No pictures, nothing altered: return the data below.

▶ **INPUT DATA**
****************************************

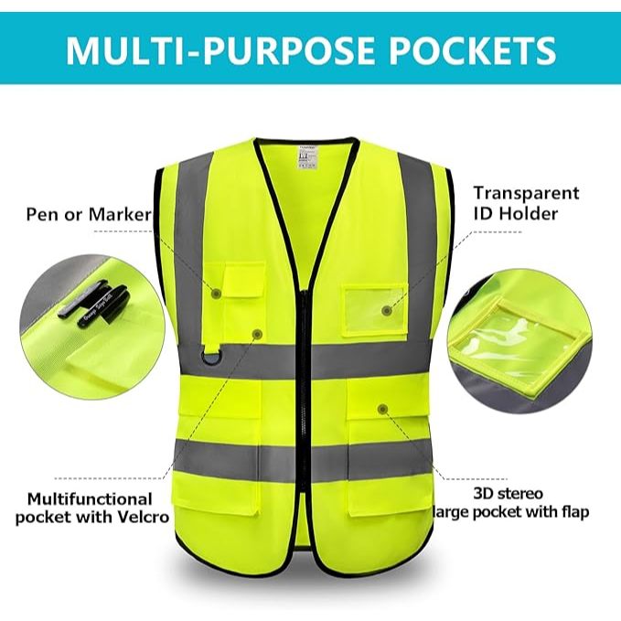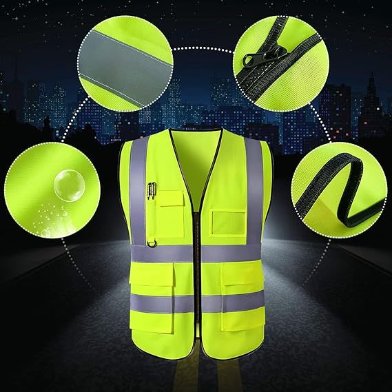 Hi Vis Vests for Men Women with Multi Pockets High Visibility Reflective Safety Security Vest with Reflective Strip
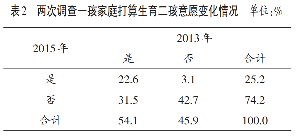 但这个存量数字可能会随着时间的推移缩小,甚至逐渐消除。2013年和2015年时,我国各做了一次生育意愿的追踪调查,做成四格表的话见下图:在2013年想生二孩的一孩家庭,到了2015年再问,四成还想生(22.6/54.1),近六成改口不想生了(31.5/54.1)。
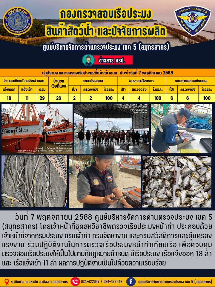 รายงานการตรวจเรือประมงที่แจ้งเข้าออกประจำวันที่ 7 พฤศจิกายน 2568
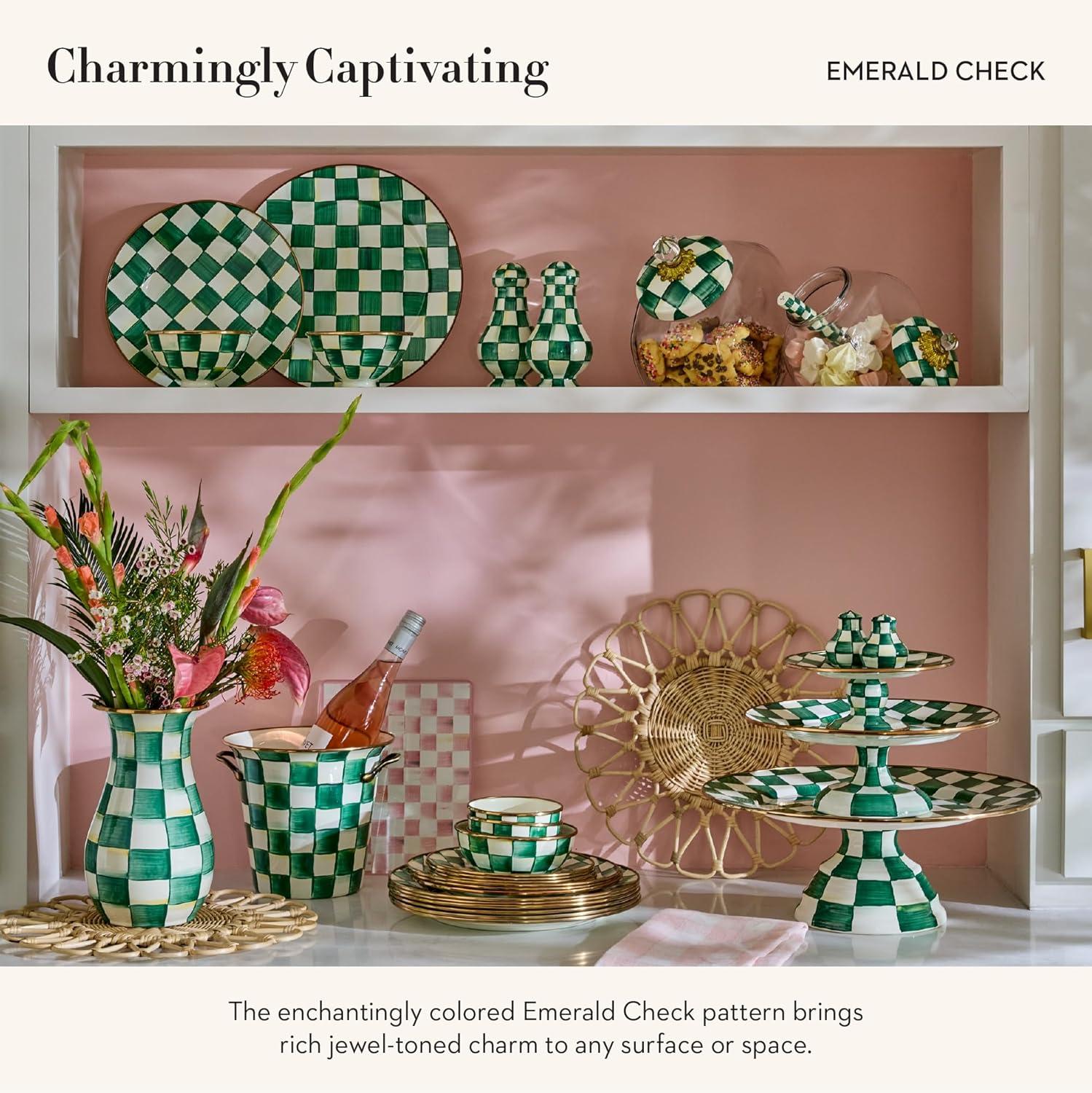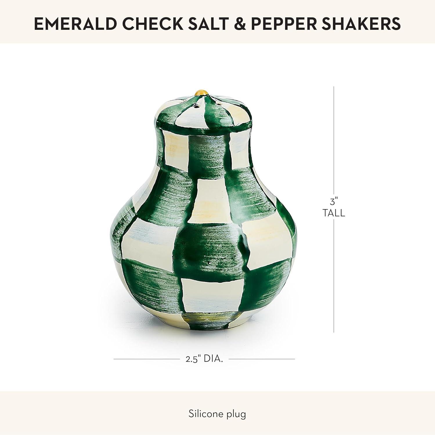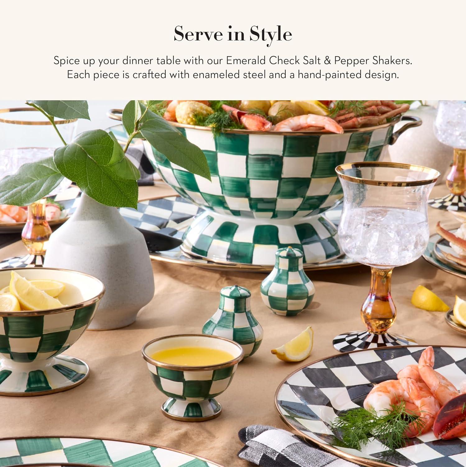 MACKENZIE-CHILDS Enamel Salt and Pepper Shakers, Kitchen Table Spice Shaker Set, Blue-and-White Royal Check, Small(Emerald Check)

****************************************

▶ **EXERCISE RESPONSE**
 Hi Vis Vests for Men Women with Multi Pockets High Visibility Reflective Safety Security Vest with Reflective Strip
 但这个存量数字可能会随着时间的推移缩小,甚至逐渐消除。2013年和2015年时,我国各做了一次生育意愿的追踪调查,做成四格表的话见下图:在2013年想生二孩的一孩家庭,到了2015年再问,四成还想生(22.6/54.1),近六成改口不想生了(31.5/54.1)。
 รายงานการตรวจเรือประมงที่แจ้งเข้าออกประจำวันที่ 7 พฤศจิกายน 2568
 MACKENZIE-CHILDS Enamel Salt and Pepper Shakers, Kitchen Table Spice Shaker Set, Blue-and-White Royal Check, Small(Emerald Check)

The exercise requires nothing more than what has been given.